Extract the lines beginning at the one that holds "Por otro lado, el" and ending at the final line of the material below, keeping them exact and leaving out all pictures.

Dataset extract:
╭──

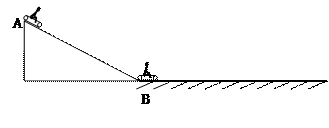 1、计算题 如图,在游乐场的滑冰道上有甲、乙两位同学坐在冰车上进行游戏。当甲同学从倾角为θ=300的光滑斜面冰道顶端A自静止开始自由下滑时,与此同时在斜面底部B处的乙同学通过冰钎作用于冰面从静止开始沿光滑的水平冰道向右做匀加速运动。设甲同学在整个运动过程中无机械能变化,两人在运动过程中可视为质点,则
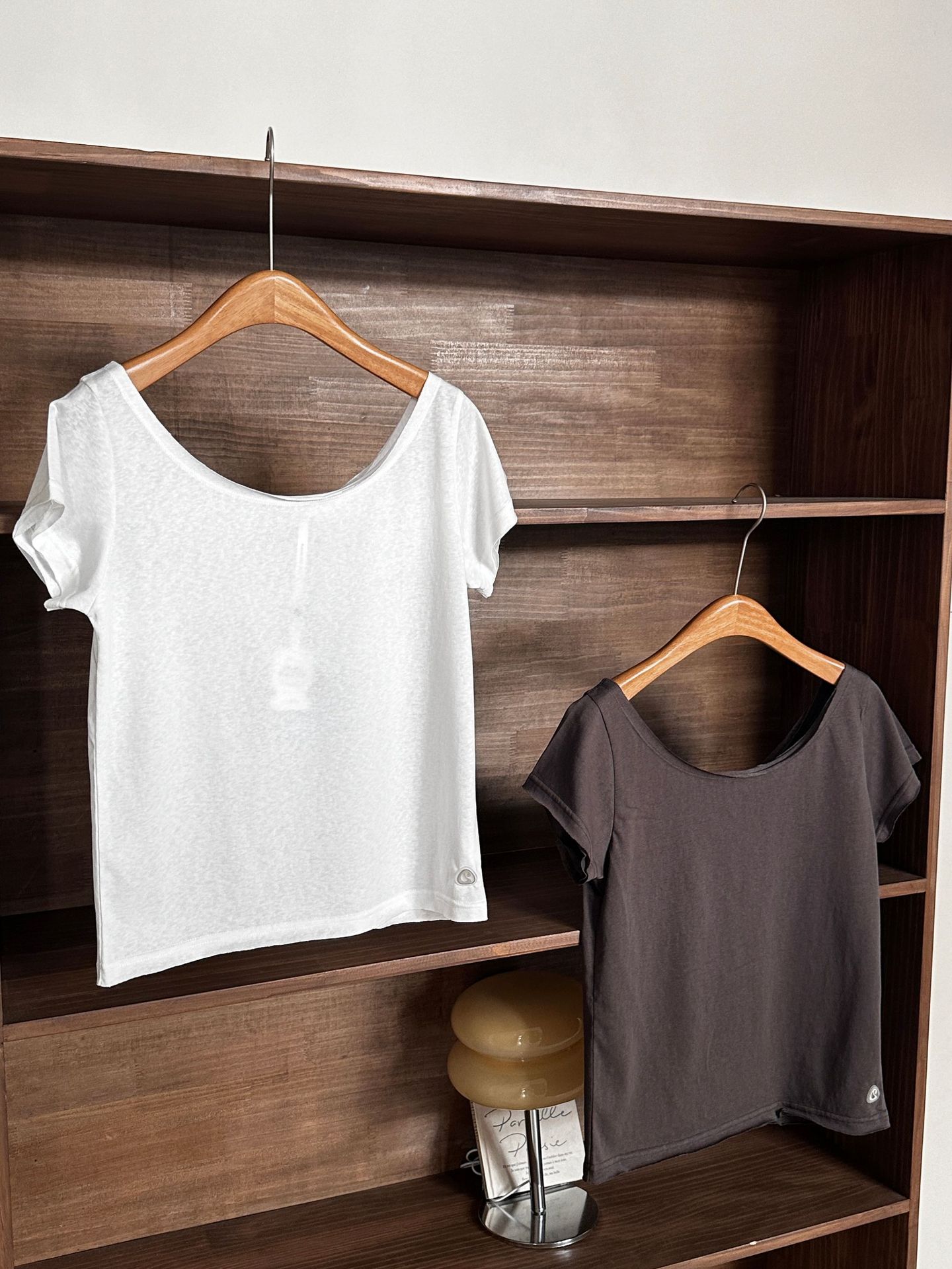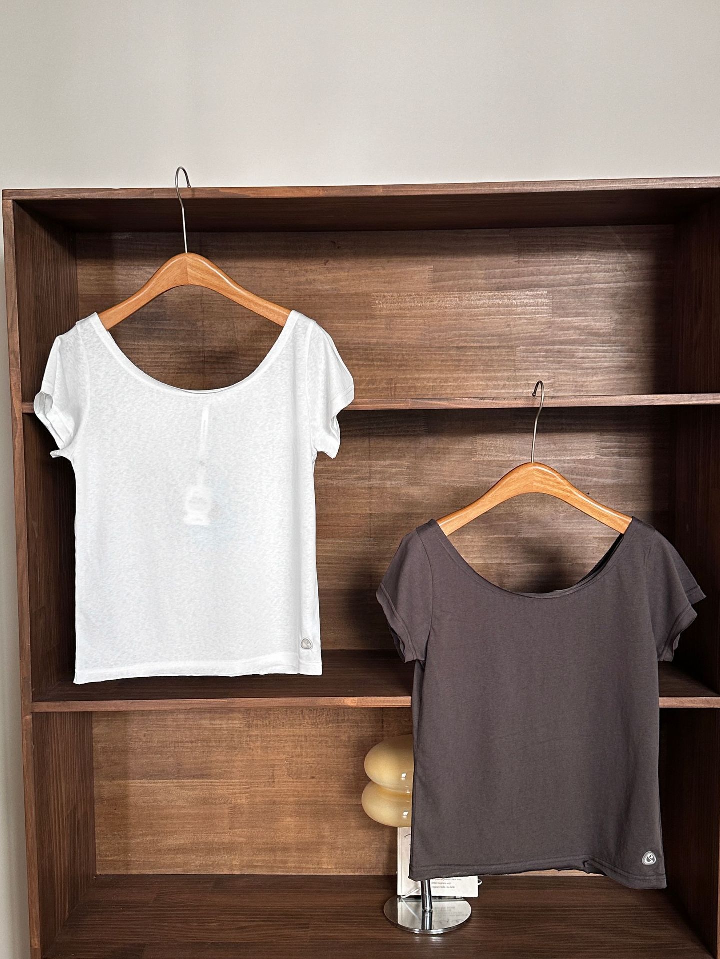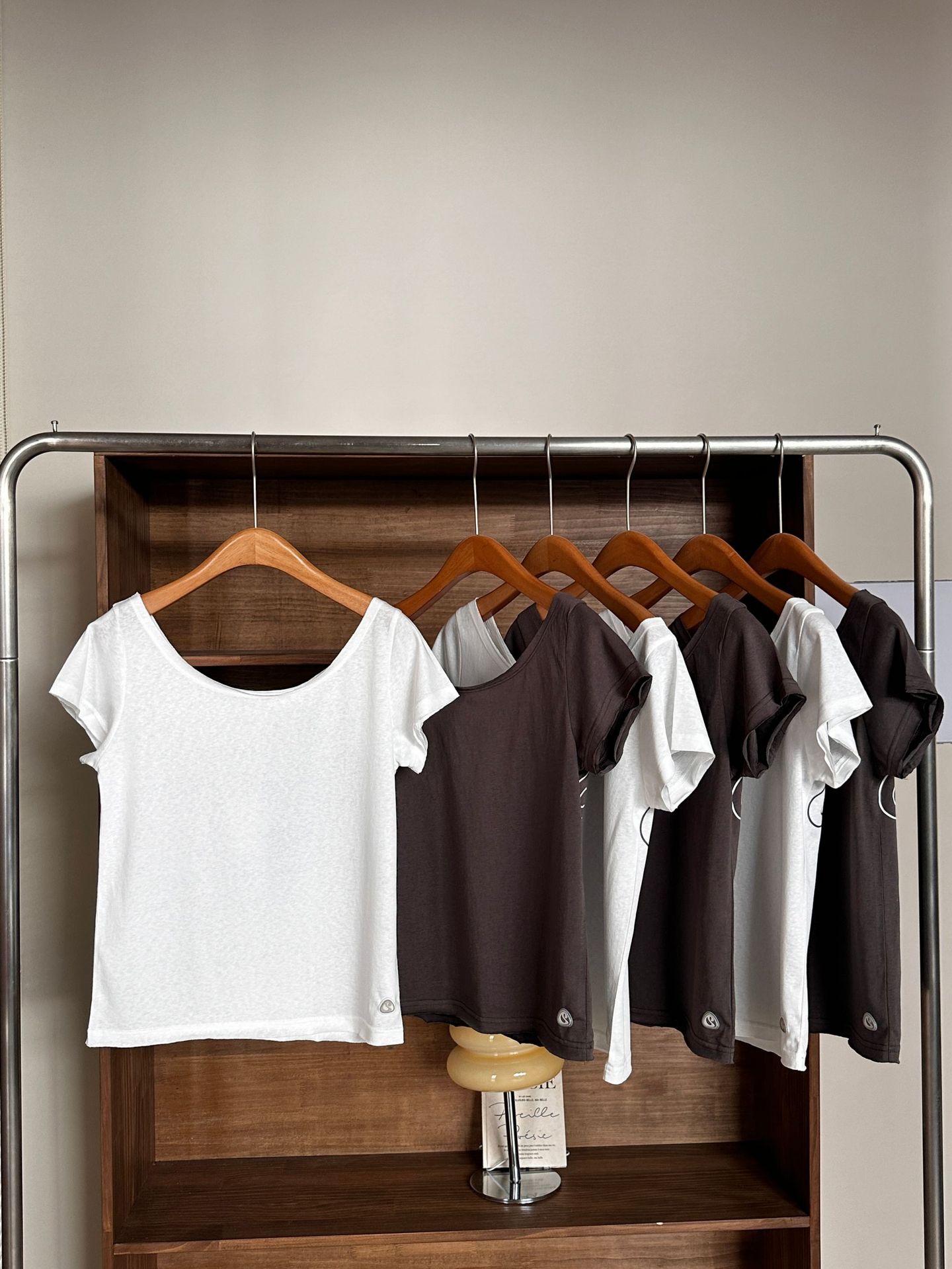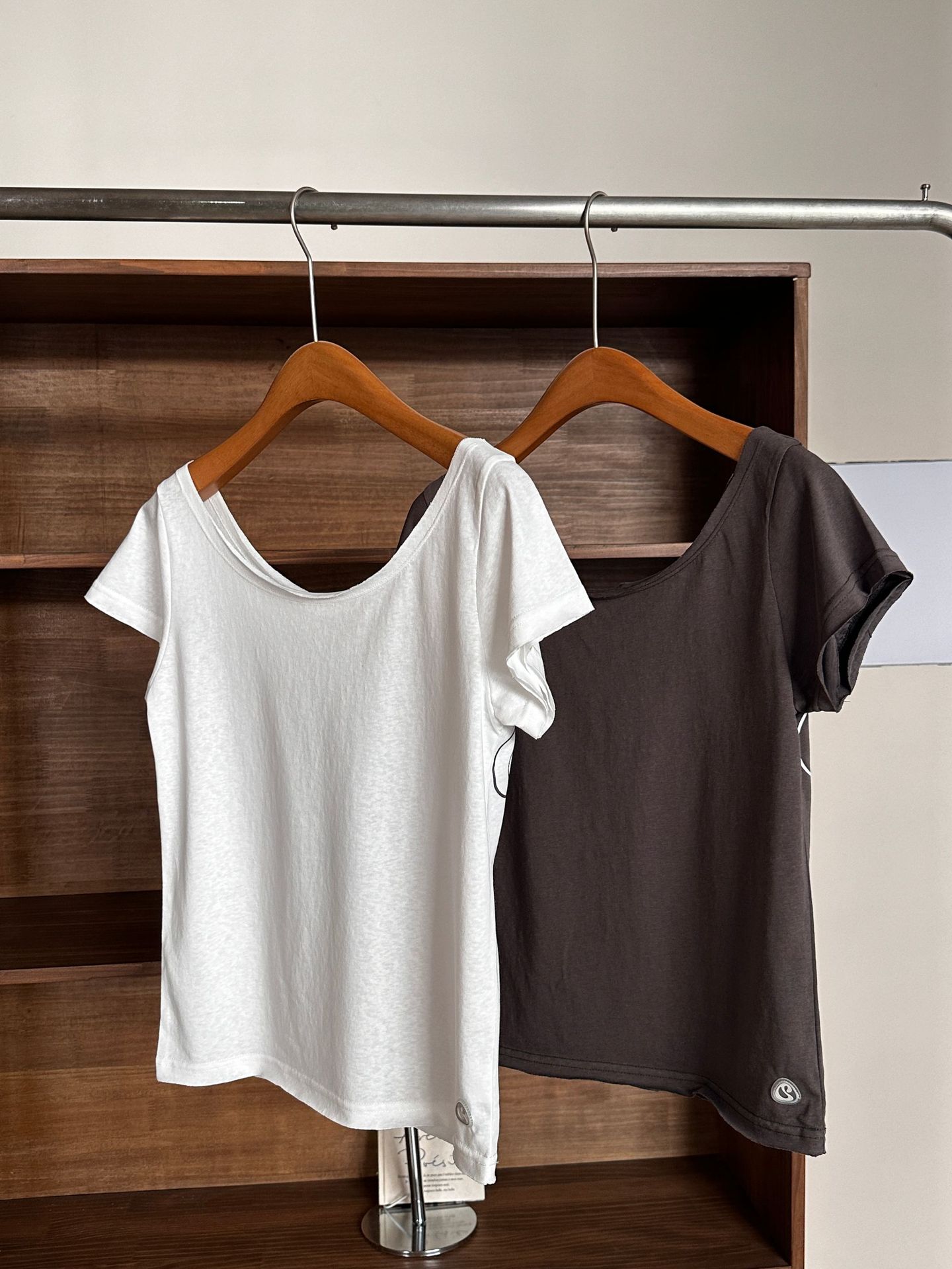 Slant Collar Shoulder Wing Print T-Shirt 73C093
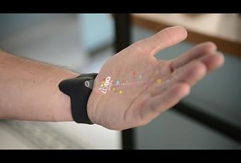 Por otro lado, el sistema consta de un pequeño proyector con sensor de movimiento que proyecta la información por ej. en una pared y podemos acceder a esa información al mejor estilo Tom Cruise en Minority Report. Además posee un pequeño reloj de pulsera que también proyectar la información que genera en la palma de la mano.
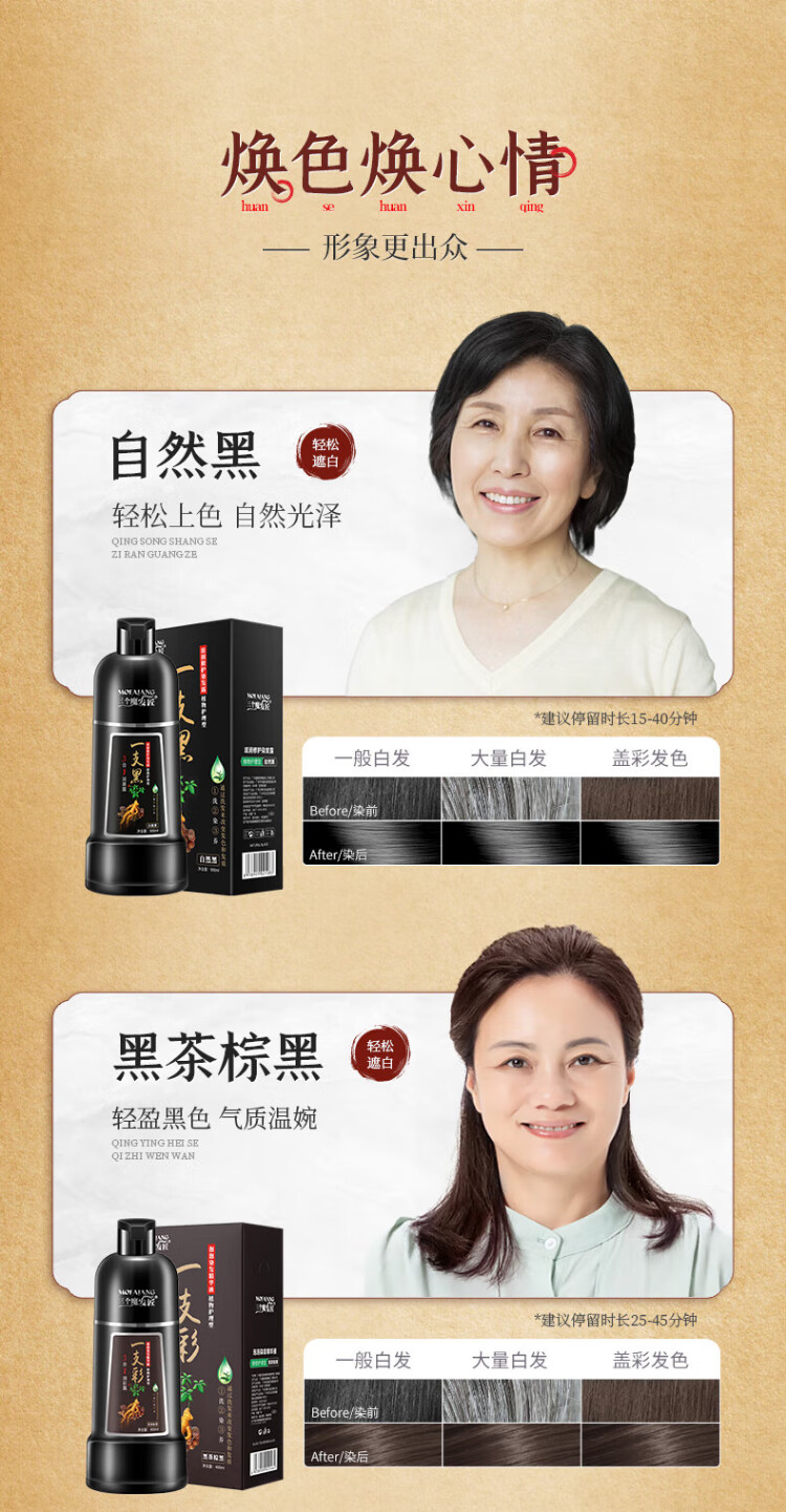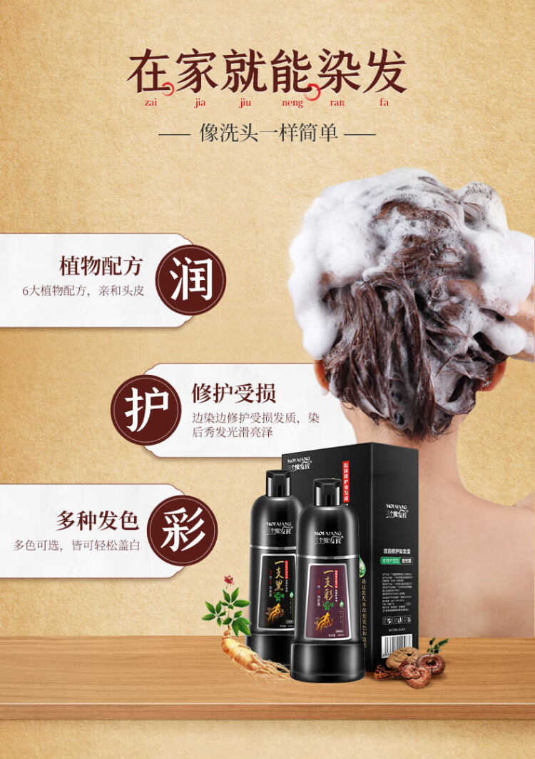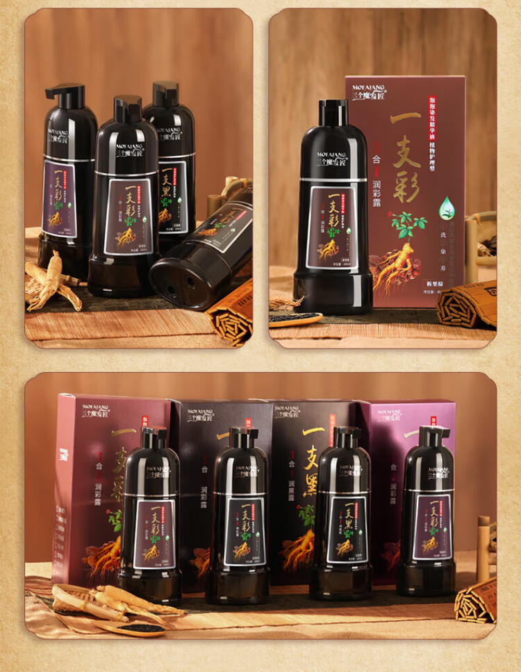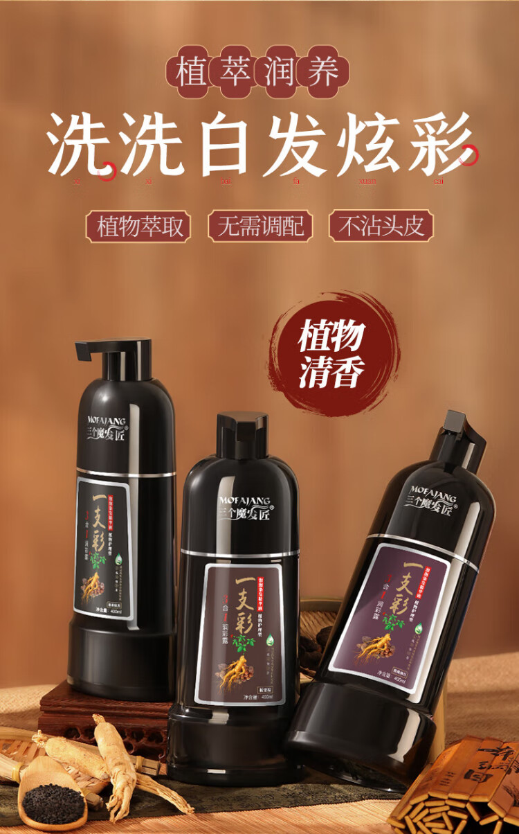 Three Magic Hairsmiths Black Plant Bubble Hair Dye Herbal Hair Dye Cream Covers Gray Hair Black Tea Brown Black 400ml

╰──

Exercise result:
 Por otro lado, el sistema consta de un pequeño proyector con sensor de movimiento que proyecta la información por ej. en una pared y podemos acceder a esa información al mejor estilo Tom Cruise en Minority Report. Además posee un pequeño reloj de pulsera que también proyectar la información que genera en la palma de la mano.
 Three Magic Hairsmiths Black Plant Bubble Hair Dye Herbal Hair Dye Cream Covers Gray Hair Black Tea Brown Black 400ml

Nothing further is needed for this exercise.